:: Source records ::
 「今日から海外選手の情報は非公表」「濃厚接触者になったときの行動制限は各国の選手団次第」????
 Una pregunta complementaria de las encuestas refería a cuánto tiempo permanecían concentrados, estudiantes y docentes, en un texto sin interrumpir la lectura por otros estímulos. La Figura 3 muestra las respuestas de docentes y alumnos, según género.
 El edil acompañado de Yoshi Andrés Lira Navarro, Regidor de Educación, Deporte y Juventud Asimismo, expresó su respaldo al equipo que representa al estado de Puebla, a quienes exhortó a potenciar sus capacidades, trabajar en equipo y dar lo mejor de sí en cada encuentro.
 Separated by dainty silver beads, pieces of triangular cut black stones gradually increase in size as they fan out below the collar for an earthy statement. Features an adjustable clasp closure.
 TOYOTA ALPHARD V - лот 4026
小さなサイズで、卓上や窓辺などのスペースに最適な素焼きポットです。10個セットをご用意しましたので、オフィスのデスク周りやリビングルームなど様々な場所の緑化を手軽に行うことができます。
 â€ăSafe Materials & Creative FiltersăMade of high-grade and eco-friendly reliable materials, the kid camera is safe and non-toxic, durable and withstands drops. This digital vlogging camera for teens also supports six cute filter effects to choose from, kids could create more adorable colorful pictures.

==

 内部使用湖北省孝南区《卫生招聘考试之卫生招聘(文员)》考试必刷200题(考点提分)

:: Brief ::
Working from the material above, retype exactly the lines from the one with "TOYOTA ALPHARD V - лот 4026" through the one with "â€ăSafe Materials &", both included, and only those lines.

:: Task output ::
 TOYOTA ALPHARD V - лот 4026
小さなサイズで、卓上や窓辺などのスペースに最適な素焼きポットです。10個セットをご用意しましたので、オフィスのデスク周りやリビングルームなど様々な場所の緑化を手軽に行うことができます。
 â€ăSafe Materials & Creative FiltersăMade of high-grade and eco-friendly reliable materials, the kid camera is safe and non-toxic, durable and withstands drops. This digital vlogging camera for teens also supports six cute filter effects to choose from, kids could create more adorable colorful pictures.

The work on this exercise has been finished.